3.2. Comparing Model Settings

Five GNNs, each exhibiting unique characteristics—namely, the ChebyNet [15], GAT [16], GCN [17], Graph Isomorphic Networks (GINs) [18], and Graph Sample and Aggregate (GraphSAGE) [19] neural networks—were selected as benchmark models. By comparing these models, the advantages of the proposed ChebyAT model in variable operating conditions fault diagnosis can be highlighted from various perspectives. Among these, the ChebyNet and GAT are directly related to the proposed method. Using them as comparison models not only highlights the technical relevance of the proposed method but also allows for an intuitive assessment of how the ChebyAT addresses and integrates the limitations of each. A GCN is a GNN that realizes the local feature aggregation of graph structure data through spectral graph theory. It is used as a comparison to intuitively demonstrate the improvement of the ChebyAT in local feature extraction and aggregation; A GIN is a GNN that captures the overall characteristics of the graph structure through a multi-layer perceptron (MLP) as a node update function. It is used as a comparison to verify the ability of the ChebyAT to represent global information of complex graph structures. The GraphSAGE is an inductive learning GNN method that learns node representation through the sampling and aggregation of neighbor nodes.

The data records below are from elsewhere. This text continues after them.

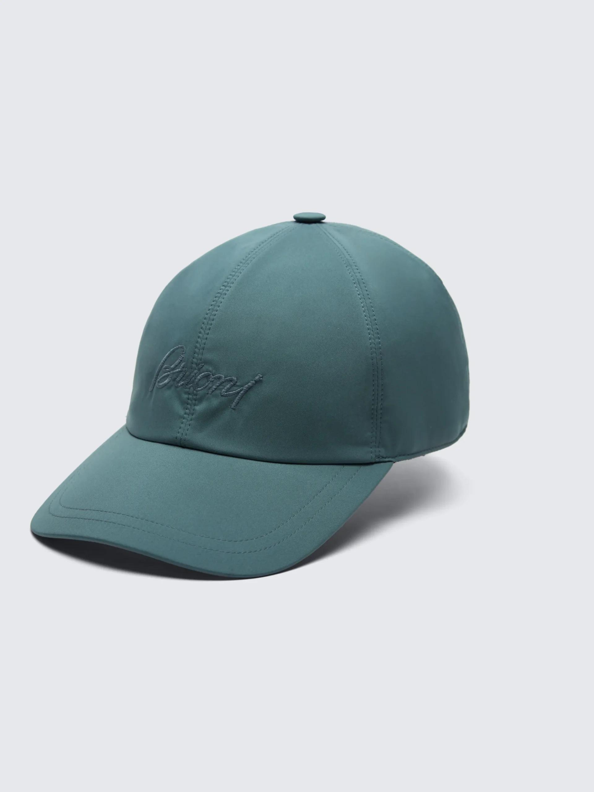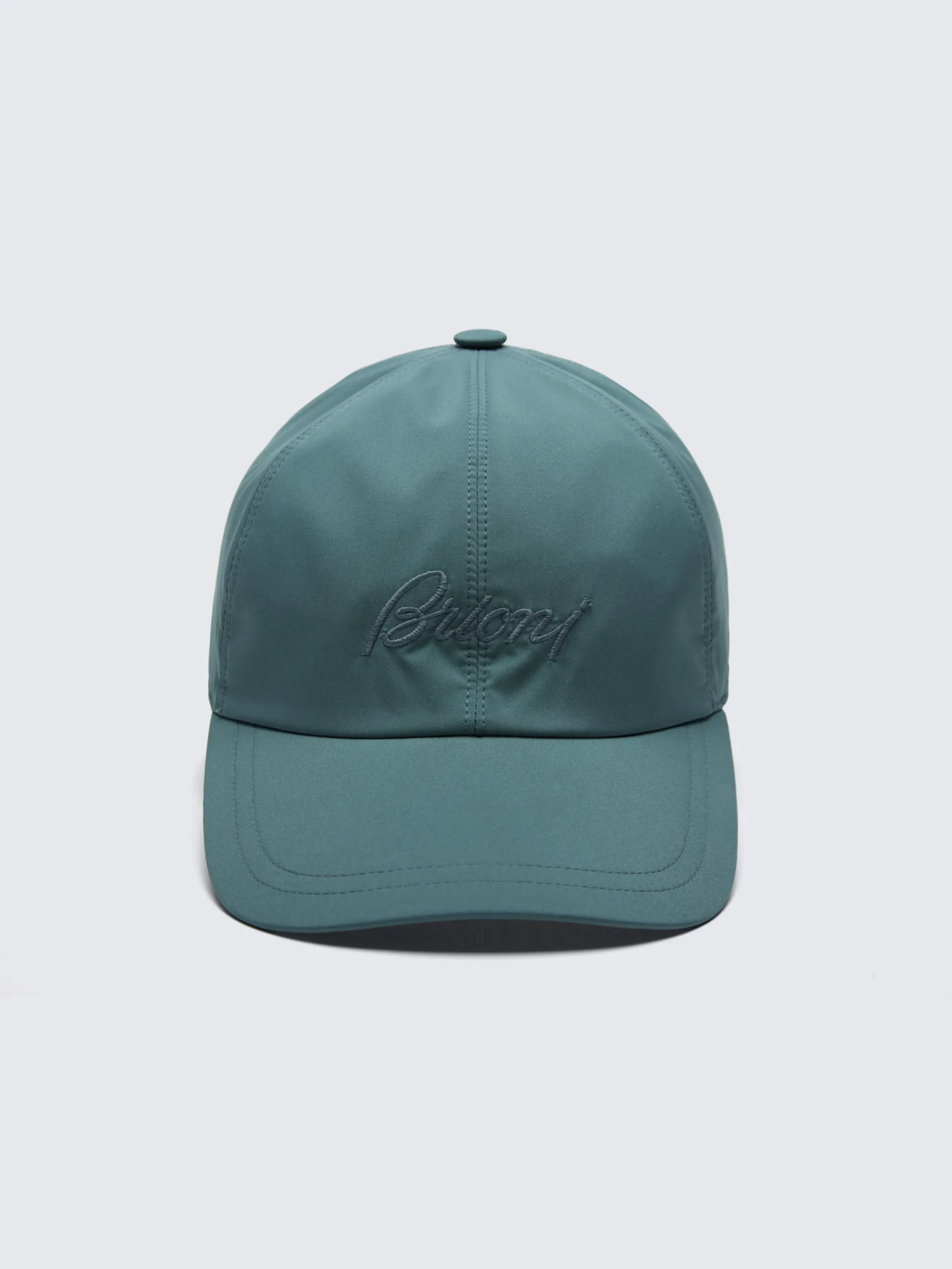 Teal green Performa baseball hat. Featuring a Brioni embroidery on the front and an adjustable back band with velcro strap to attain the desired fit. Lined in lightweight cotton jersey for extra comfort, this is the perfect piece to pair with a classic t-shirt and jeans for a sporty-chic look. nThis garment contains GRS polyester. The Global Recycled Standard (GRS) is a voluntary, full product standard obtained by verification through independent third-parties. Practices include requirements for recycled content, social and environmental practices, and chemical restrictions.
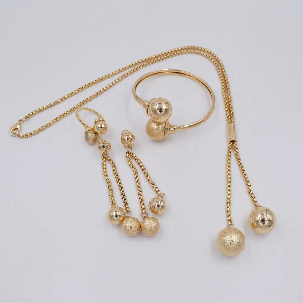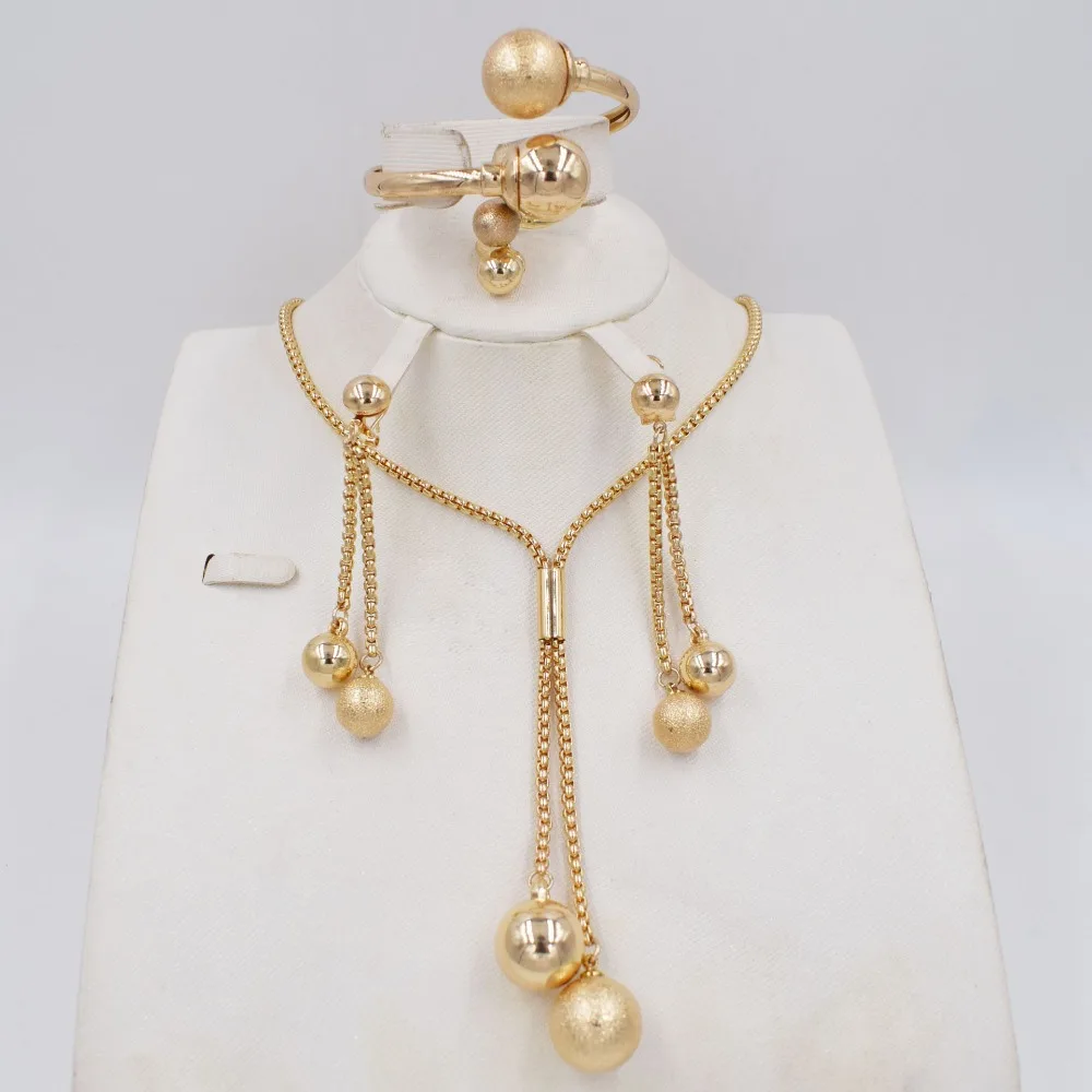 Комплект женских ювелирных украшений, колье, серьги, кольцо, золотые бусины
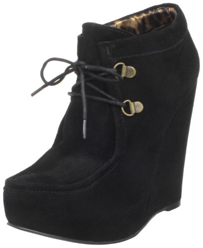 It's all about thrills and frills in these fashionably fancy Betsey Johnson booties. This shoe features a suede leather upper, lace up front, covered platform and wedge heel, man made lining, lightly padded footbed, decorative piping and top stitching details, and a padded collar for added comfort. Heel height measures 4 1/2". Platform height measures 1". Style Name: Ryaan.
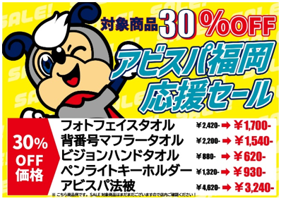 10月26日(日)より、一部対象商品が30%オフの「終盤戦!30周年記念アビスパ福岡応援セール」を開催いたします!!
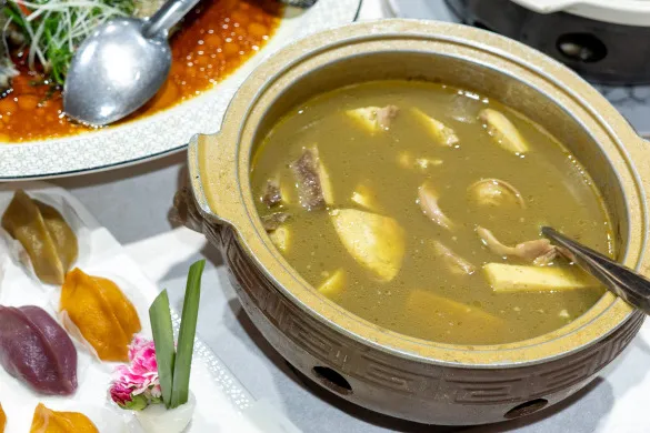最后的甜品,是一道“马到成功”,正是马蹄酥配南安番薯甜汤,为这场风味之旅画上圆满的句号。
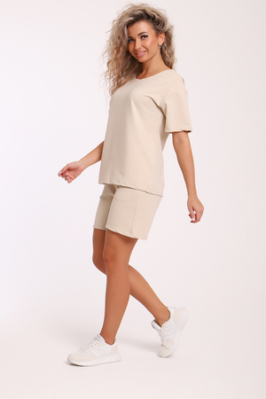 Костюм футболка с короткими рукавами и свободные шорты с карманами.
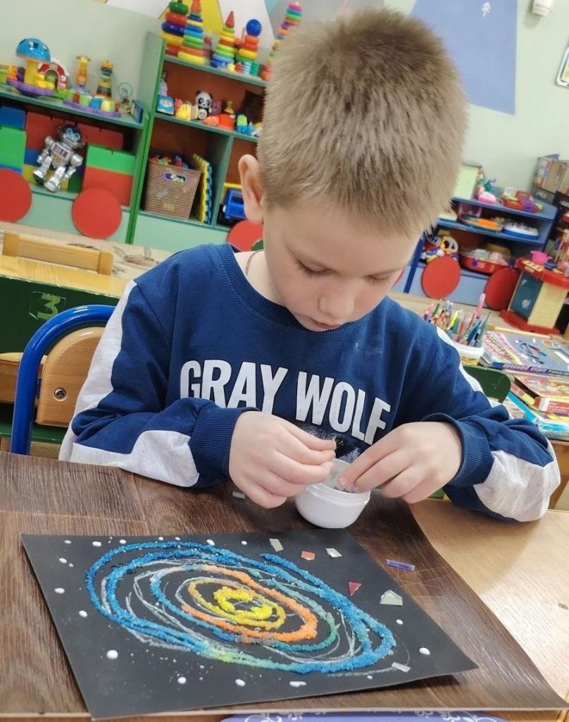 Создавали настоящий космос на бумаге! Наносили клей на контур, сверху сыпали соль, а потом аккуратно раскрашивали яркими красками. Пальчики распределяли соль и смешивали цвета — получилась объёмная и волшебная Галактика. Развиваем тактильные ощущения и творческое мышление.
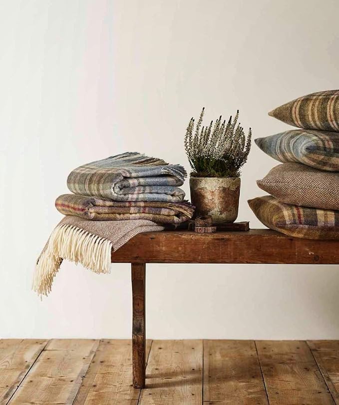 Moon Wool Plaid Throw Blanket, Pure New Wool, Tartan Glen Coe Heather, Made in UK
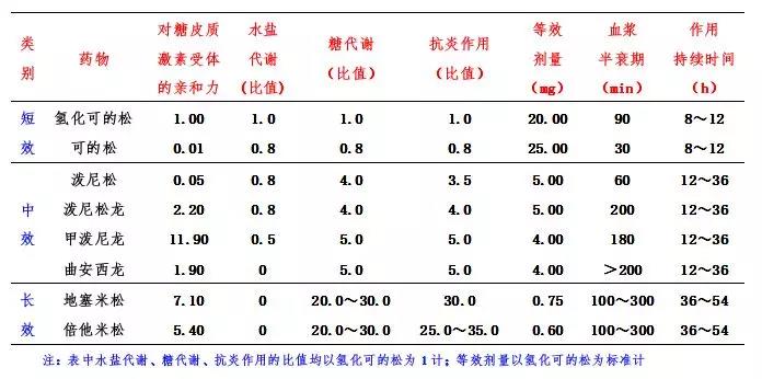 常用糖皮质激素类药物比较
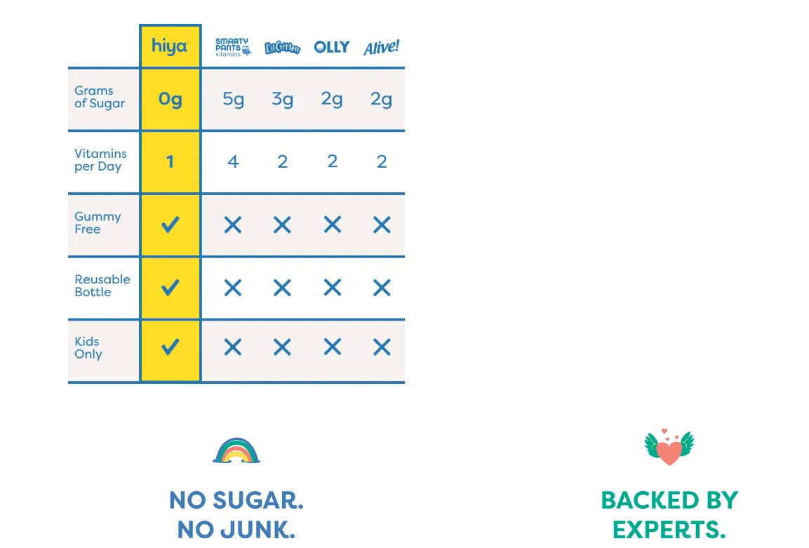 Hiya a multivitamin brand for children highlights a section where its not only highlights USP like ‘no sugar’, ‘honest ingredients’, but also shares comparison table to make shoppers understand how its different from other competitors.

It can effectively learn node representation on unseen graphs. It is used as a comparison model to evaluate the generalization ability of ChebyAT and the effect of processing large-scale graph data.

3.3. Experimental Dataset Introduction

To validate the effectiveness of the proposed method for diagnosing faults in rotating equipment under variable working conditions, this study utilizes a publicly available gearbox bearing variable operating conditions fault dataset as the experimental data. This dataset contains the operating data of gearbox rotating equipment under variable working conditions, such as various speeds and loads. These conditions are analogous to the complex working conditions encountered in actual application scenarios. Experiments utilizing this data can accurately reflect the impact of variable working conditions on fault diagnosis methods [20]. As shown in Figure 4a, the gearbox test bench consists of a motor, a motor controller, a planetary gearbox, a reduction gearbox, a brake, and a brake controller. It uses vibration sensors to collect data in the x, y, and z directions of the planetary gearbox and the reduction gearbox, respectively. The sampling frequency is 5120 Hz, and the sensor collection position is shown in Figure 4b, where each fault type corresponds to two working conditions.
The vibration signal in the x direction of the planetary gearbox is extracted as input, and 1024 sampling points are set as a sample. Given the sample imbalance characteristics of fault data under variable working conditions, an unbalanced configuration strategy for the number of samples is implemented. The detailed information is shown in Table 2.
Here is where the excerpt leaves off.